--- Exercise directions ---
Every line in the data below has to be repeated exactly; no picture belongs in the result.

[Given information Boundary: Start]

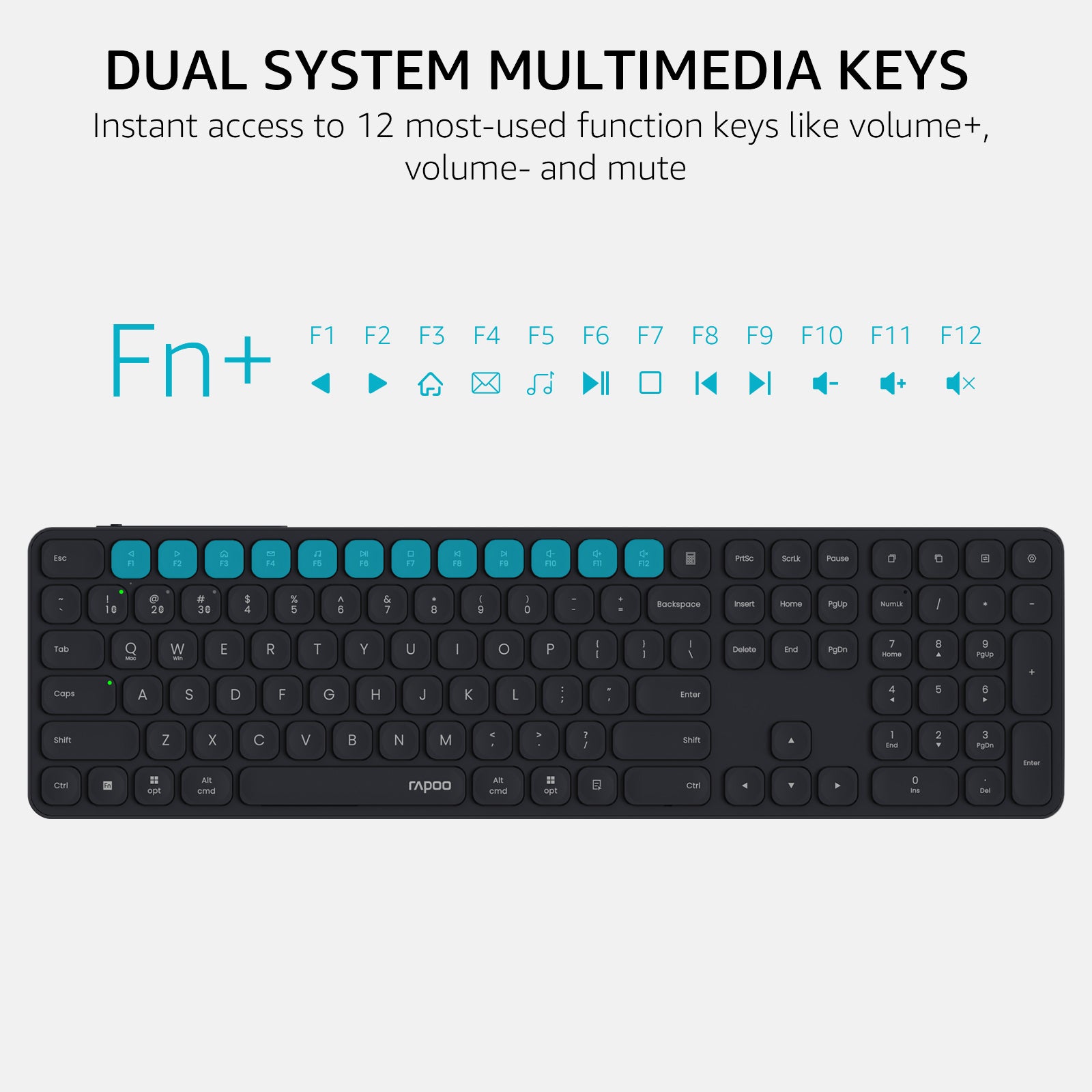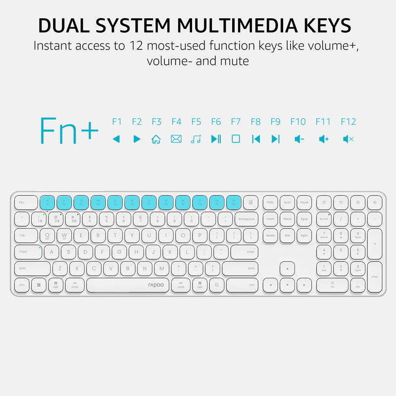 • 110-Key Complete Layout: A standard keyboard with number pad and all the keys you need, the well-spaced chiclet keys deliver fast fluid laptop-like typing, the 12 multimedia hotkeys provide quick access to most widely used functions such as play/pause, volume +/-, email --- Windows and Mac OS dual-system supported.
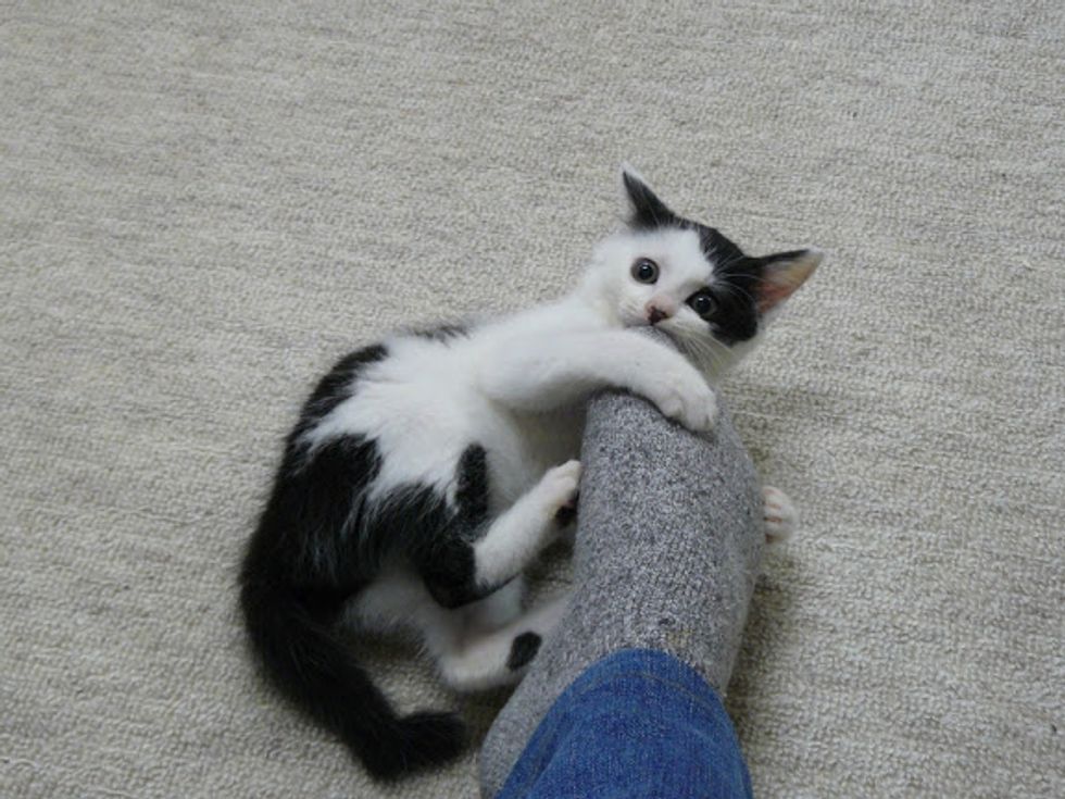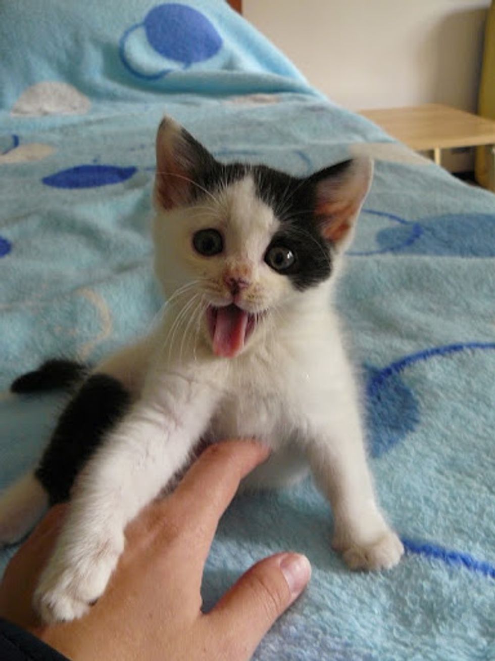 One morning Andreea came across a few kids in the neighborhood who were playing with a kitten. "The kitten was alone and crying for mom, so they took him. For a while we looked for the mom. We found three or four mother cats and we showed them the kitten, but none of them seemed to recognize or want him," said Andreea.
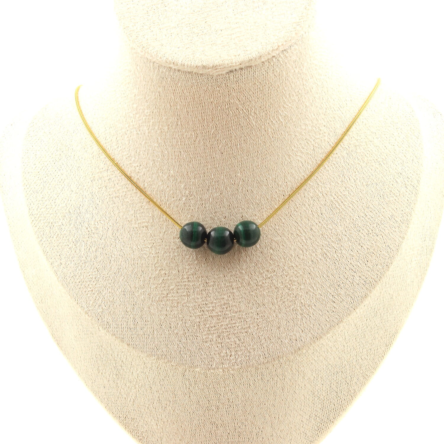 Malachite from Congo quality 7A 8 mm 3 beads necklace, golden stainless steel chain length 45 cm. We can make it to your length on request. Made in France in our A Bijoux workshop. Delivered in a box pouch. Necklace for women, men, children. Discover more than 1000 models of necklaces made by the A Bijoux brand with new arrivals every day.
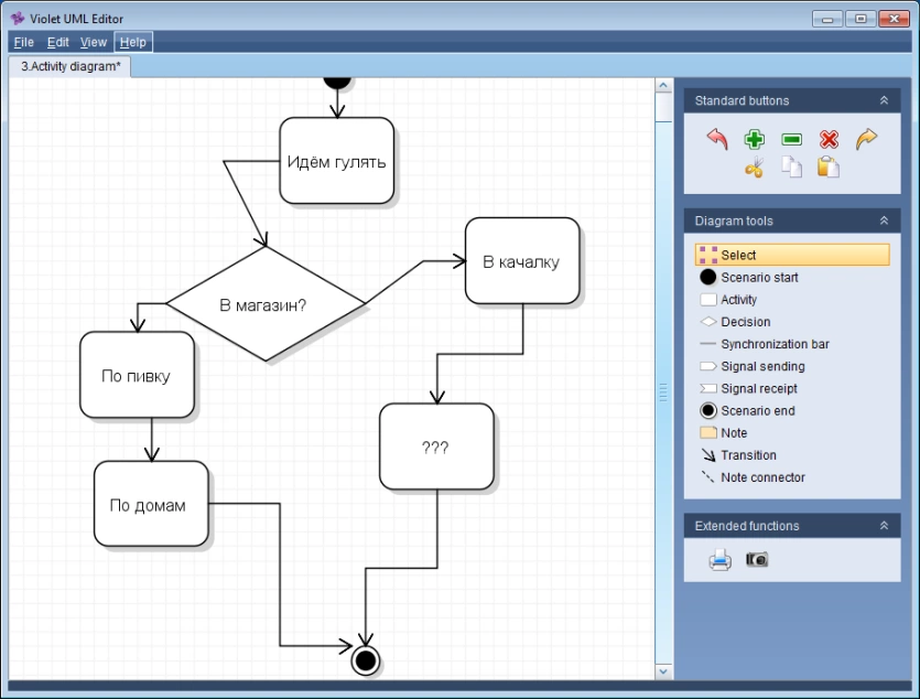 Violet предназначен для студентов, преподавателей и авторов, которым необходимо быстро создавать простые UML-диаграммы. Он не является профессиональным инструментом.
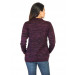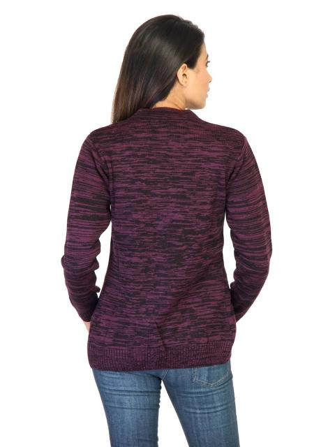 Purple and black cardigan made of 100% acrylic, has three-quarter sleeves that have ribbed hems, and a three-buttoned enclosure holding the two sides of the neckline in place
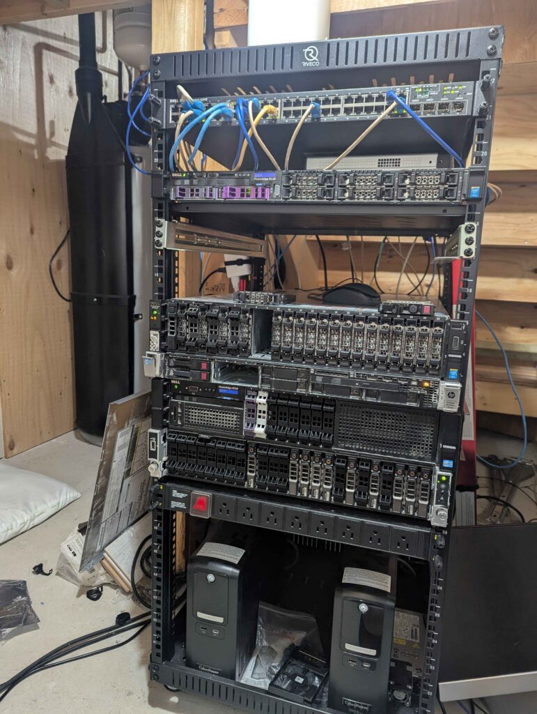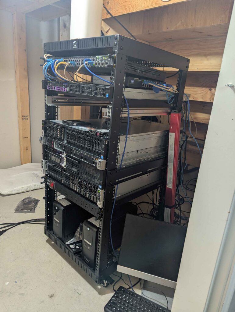 In its current iteration, my home lab is comprised of fully recycled equipment, apart from the rack its self and the two UPS’s. (I will be redoing my cable management soon)
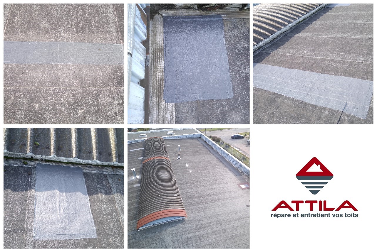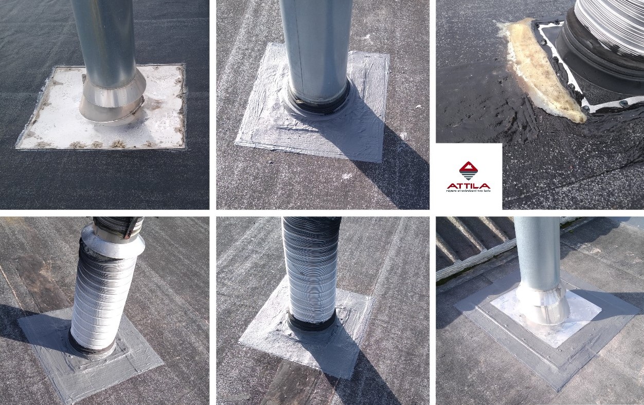 Lors de cette intervention, l’agence ATTILA MONTARGIS a réalisé des réparations pour parer à l’urgence afin d’éviter de grosses problématiques en toiture et à l’intérieur des bâtiments, notamment des infiltrations et des fuites d’eau. Les principaux problèmes étaient principalement situés autour des cheminées où l’étanchéité bitume craquait, se fissurait, laissant même apparaitre l’isolant. Des patchs ont été appliqués en attendant la réfection totale.

[Given information Boundary: End]

--- Solution for this problem ---
 • 110-Key Complete Layout: A standard keyboard with number pad and all the keys you need, the well-spaced chiclet keys deliver fast fluid laptop-like typing, the 12 multimedia hotkeys provide quick access to most widely used functions such as play/pause, volume +/-, email --- Windows and Mac OS dual-system supported.
 One morning Andreea came across a few kids in the neighborhood who were playing with a kitten. "The kitten was alone and crying for mom, so they took him. For a while we looked for the mom. We found three or four mother cats and we showed them the kitten, but none of them seemed to recognize or want him," said Andreea.
 Malachite from Congo quality 7A 8 mm 3 beads necklace, golden stainless steel chain length 45 cm. We can make it to your length on request. Made in France in our A Bijoux workshop. Delivered in a box pouch. Necklace for women, men, children. Discover more than 1000 models of necklaces made by the A Bijoux brand with new arrivals every day.
 Violet предназначен для студентов, преподавателей и авторов, которым необходимо быстро создавать простые UML-диаграммы. Он не является профессиональным инструментом.
 Purple and black cardigan made of 100% acrylic, has three-quarter sleeves that have ribbed hems, and a three-buttoned enclosure holding the two sides of the neckline in place
 In its current iteration, my home lab is comprised of fully recycled equipment, apart from the rack its self and the two UPS’s. (I will be redoing my cable management soon)
 Lors de cette intervention, l’agence ATTILA MONTARGIS a réalisé des réparations pour parer à l’urgence afin d’éviter de grosses problématiques en toiture et à l’intérieur des bâtiments, notamment des infiltrations et des fuites d’eau. Les principaux problèmes étaient principalement situés autour des cheminées où l’étanchéité bitume craquait, se fissurait, laissant même apparaitre l’isolant. Des patchs ont été appliqués en attendant la réfection totale.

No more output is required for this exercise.